Proposal 1: Add fixed second level to scheduler
The current scheduler is implemented in a way that it maintains a separate FIFO queue for each tenant. When a request (sub-query) is enqueued, the scheduler puts it into the existing queue for that tenant. If the queue does not exist yet, it creates it first and re-assignes the connected querier workers to the available tenant queues. Each querier worker pulls round-robin from the assigned queues in a loop.
Now, instead of enqueuing and pulling directly from the per-tenant queue, requests get enqueued in per-user queues and the per-tenant queue pulls round-robin from the user queues that are assigned to the tenant queues.
Component diagram:
Like the current implementation, the scheduler enqueues requests based on the X-Scope-OrgID
header (or equivalent key in the request context), but also takes a second key (such as X-Scope-UserID
) into account. This ensembles a fixed hierarchy with two levels where the tenant-to-user relation is a one-to-many relation.

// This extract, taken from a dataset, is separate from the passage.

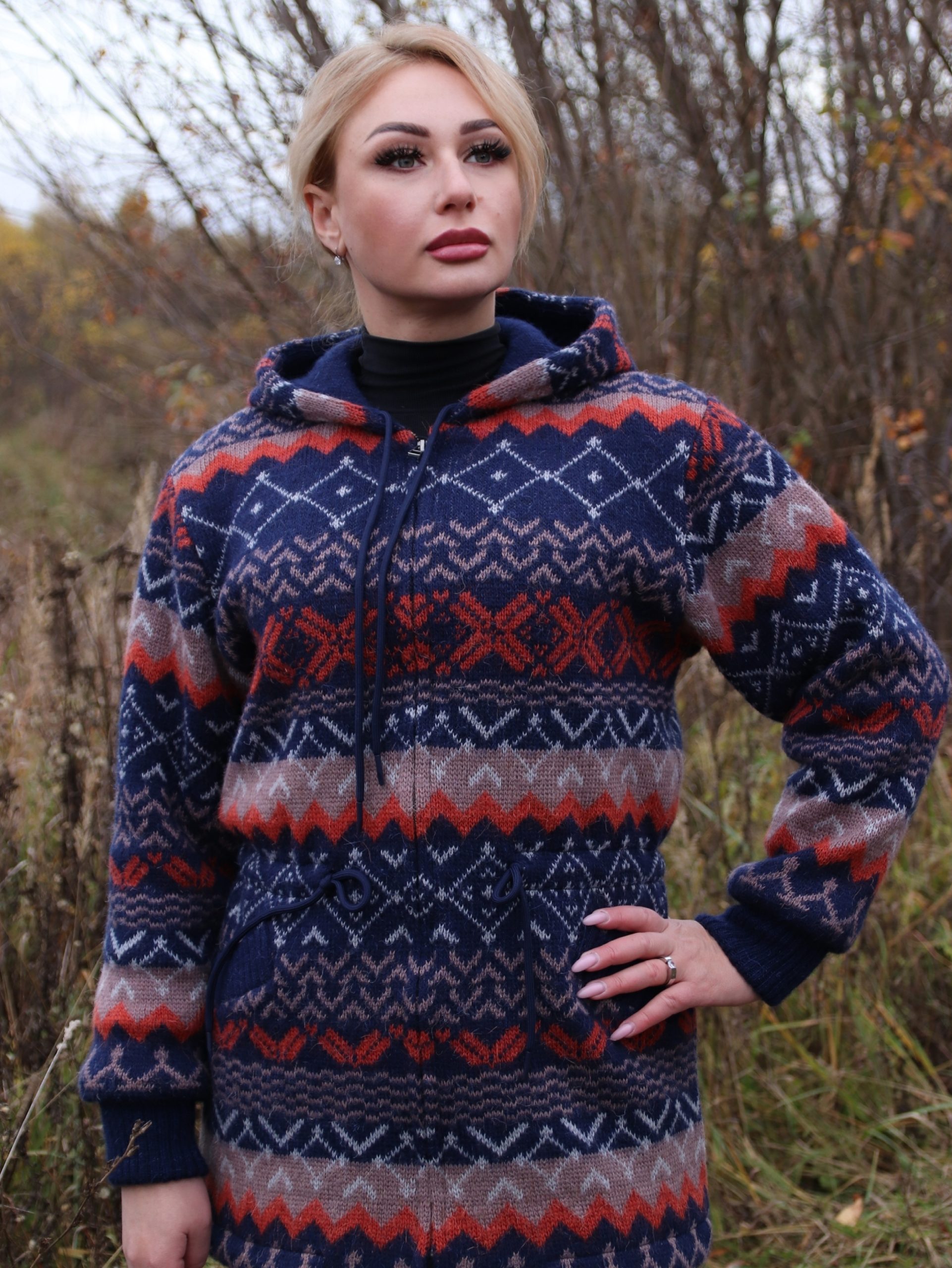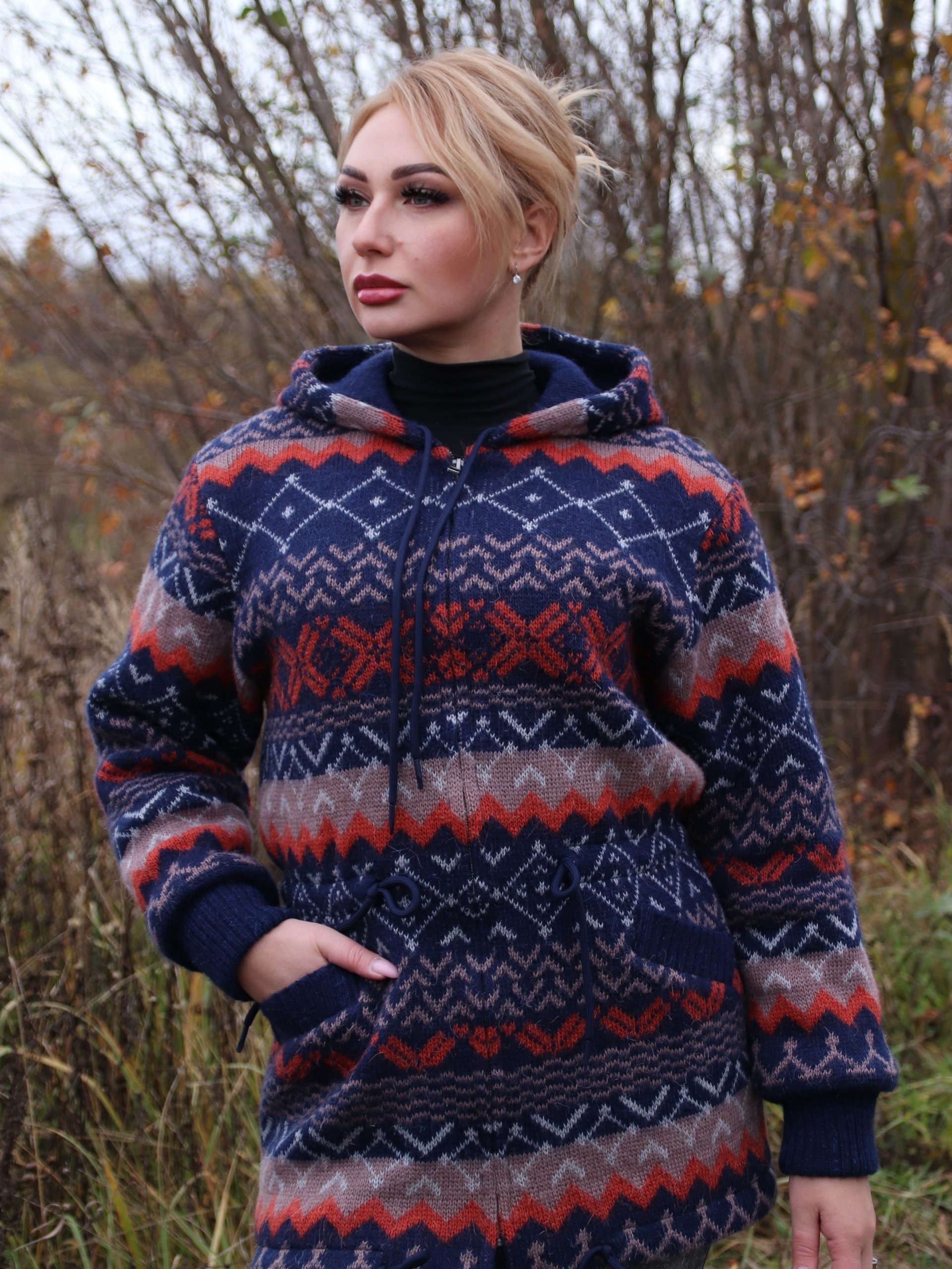 Теплый трикотажный жакет по типу куртки-парки с кулисой по линии талии на мембранной подкладке. Длинный жакет свободного силуэта с застёжкой на молнии, рукава рубашечного покроя, дополнен капюшоном и карманами. Вязаная шерстяная куртка с ворсом обладает отличными теплоизоляционными и влагоотталкивающими свойствами.

However, this has the disadvantage that the concept of users (that does not exist yet in Loki) leaks into the scheduler domain.
Pros:
- Relatively simple to to implement
Cons:
- Not extensible
- Leaks domain knowledge
Proposal 2: Fully hierarchical scheduler
This proposal is similar to Proposal 1, but with the difference that there are no fixed levels and levels can be nested arbitrarily.
Component diagram:
The implementation of the RequestQueue
, which controls what querier workers are connected to which root queues (aka tenant queues), can be kept as is. However, the concept of tenants and users is dropped and replaced by by a concept of hierarchical actors, which can be represented as a slice of identifiers. Note, this does not drop the concept of tenants throughout Loki (represented in the X-Scope-OrgID
header and/or request context).
Example of identifiers:
actorA := []string{"tenant_a", "user_1"}
actorB := []string{"tenant_b", "user_2"}
actorC := []string{"tenant_b", "user_3", "service_foo"}
actorD := []string{"tenant_b", "user_3", "service_bar"}
More generally:
actorN := []string{"L0 Queue", "L1 Queue", "L2 Queue", ... "Ln Queue"}
The L0 queue (root queue) needs to be able to handle worker connections and therefore needs additional functionality compared to its leaf queues.

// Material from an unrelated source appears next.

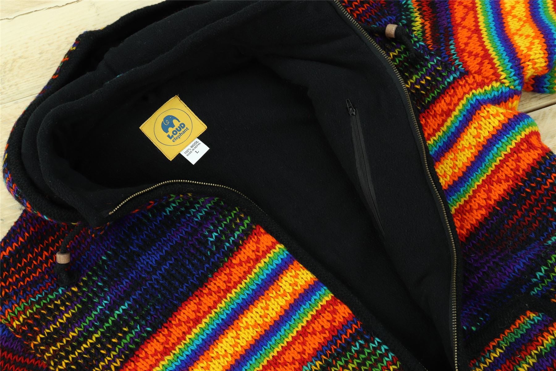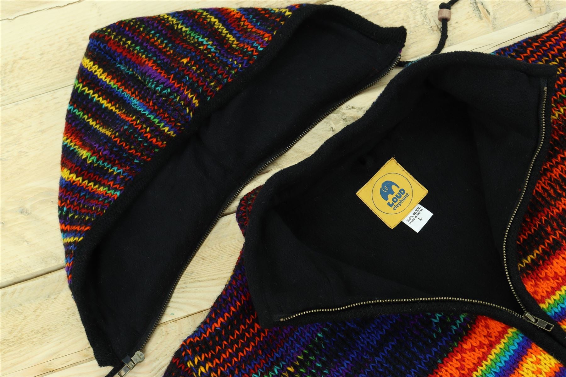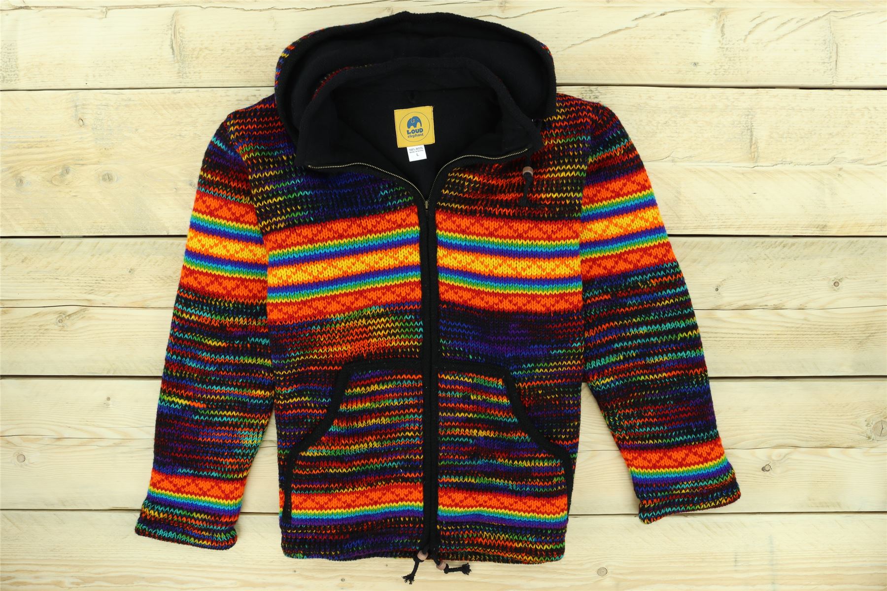 Handmade wool knit hooded zip jacket with a warm fleece lining, front pouch pocket, inside pocket, and a removeable zipped hood for a flexible look. A practical hoodie cardigan, great for laying up throughout the colder months and keeping warm around the fire during cool summer evenings.
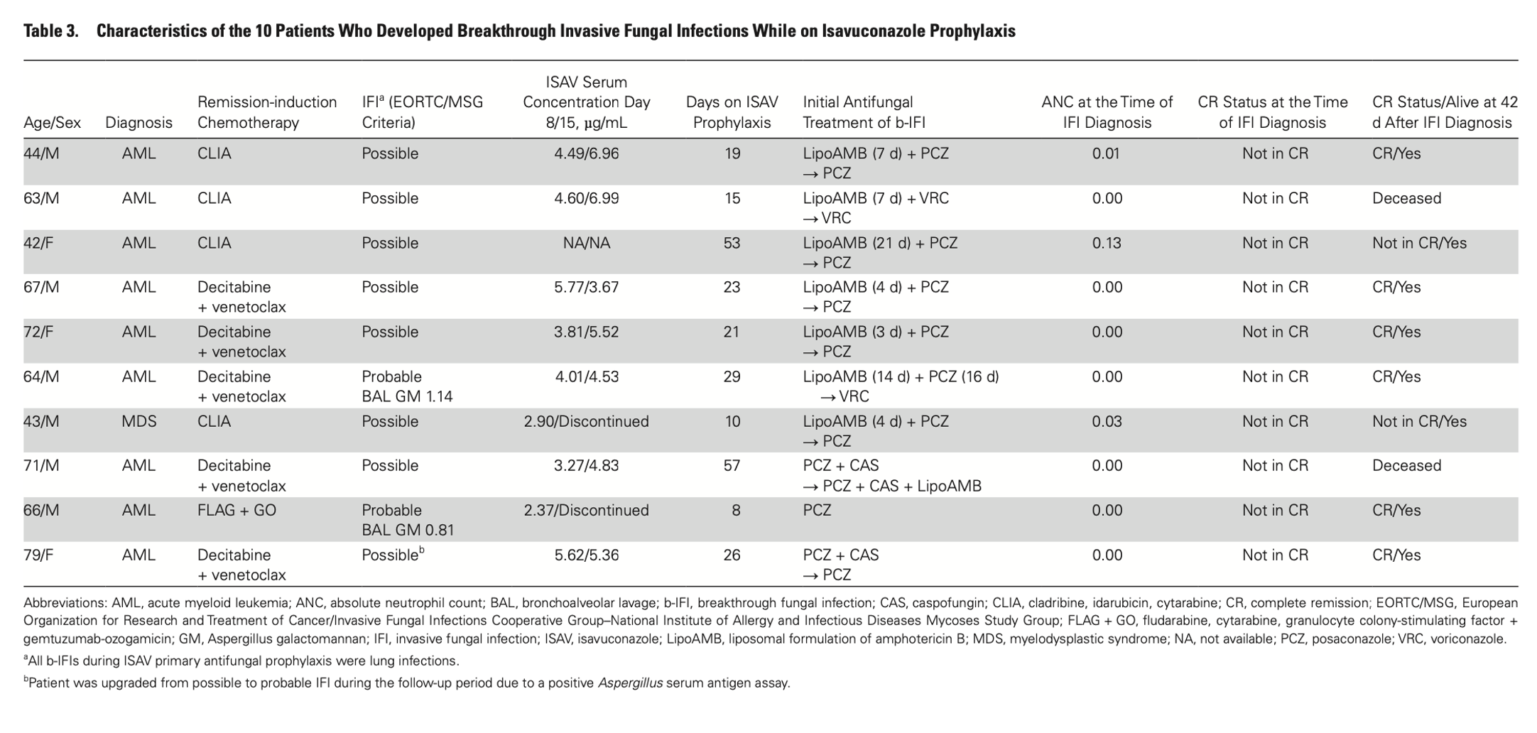 Bose P, McCue D, Wurster S, Wiederhold NP, Konopleva M, Kadia TM, et al. Isavuconazole as

The following code snippet is meant to show the simplified recursive structure of the queues.
type Request interface{}
type Queue interface {
Deqeue(actor []string) Request
Enqueue(r Request, actor []string) error
}
// RequestQueue implements Queue
type RequestQueue struct {
queriers map[string]*querier
rootQueues map[string]*RootQueue
}
// RootQueue implements Queue
type RootQueue struct {
queriers map[string]*querier
leafs map[string]*LeafQueue
ch chan Request
}
// LeafQueue implements Queue
type LeafQueue struct {
leafs map[string]*LeafQueue
ch chan Request
}
Pros:
- Backwards compatible, because tenant can be identified as
[]string{"tenantID"}
- Queue hierarchy can be extended without changing the scheduler implementation
- Implementation does not require knowledge outside of its domain
Cons:
- More complex to implement than fixed amount of levels
- Each queue comes with memory overhead
Proposal 3: Multiple per-tenant sub-queues
Another option to keep the concept of users out of Loki and still provide some query fairness guarantees would be to simply shard request across multiple sub-queues within a tenant’s queue. The shard size could be a per-tenant setting to account for different tenant sizes.

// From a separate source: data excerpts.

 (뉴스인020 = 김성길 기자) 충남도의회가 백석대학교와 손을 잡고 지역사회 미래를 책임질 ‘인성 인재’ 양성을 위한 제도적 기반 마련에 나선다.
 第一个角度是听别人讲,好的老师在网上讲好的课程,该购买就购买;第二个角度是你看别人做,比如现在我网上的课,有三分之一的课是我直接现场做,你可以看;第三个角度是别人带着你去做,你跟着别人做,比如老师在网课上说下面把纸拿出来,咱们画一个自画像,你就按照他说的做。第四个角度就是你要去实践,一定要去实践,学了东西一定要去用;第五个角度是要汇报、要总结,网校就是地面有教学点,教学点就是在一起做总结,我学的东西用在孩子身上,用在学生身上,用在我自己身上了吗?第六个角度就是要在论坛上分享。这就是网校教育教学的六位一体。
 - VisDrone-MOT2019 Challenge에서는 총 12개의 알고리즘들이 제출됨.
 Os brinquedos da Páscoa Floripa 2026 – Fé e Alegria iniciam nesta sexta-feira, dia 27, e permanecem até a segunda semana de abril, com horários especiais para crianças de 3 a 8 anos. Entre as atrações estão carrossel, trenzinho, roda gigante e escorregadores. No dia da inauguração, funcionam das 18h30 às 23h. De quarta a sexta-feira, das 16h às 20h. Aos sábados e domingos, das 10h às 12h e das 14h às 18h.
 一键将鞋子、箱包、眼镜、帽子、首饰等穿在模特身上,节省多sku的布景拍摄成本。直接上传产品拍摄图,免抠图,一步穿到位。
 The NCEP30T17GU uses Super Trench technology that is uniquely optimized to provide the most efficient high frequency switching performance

This is similar to Proposal 1, in the sense of adding another fixed level of sub-queues. However, with the difference, that in this case, a single query request is assigned a random identifier that is hashed. When the query is split, the sub-requests maintain the same hashed identifier. The modulor of the hash defines to which sub-queue of a tenant requests will be enqueued.
Pros:
- User agnostic per-request QoS control
Cons:
- Requests of individual users can still effect other users
- Not extensible
Alternative:
Sharding on a per-request basis can still be achieved with Proposal 2, by adding the request hash as an additional level in the hierarchy.
actor := []string{"tenant", "user", "request_hash"}
Consensus
Proposal 2 is going to be implemented.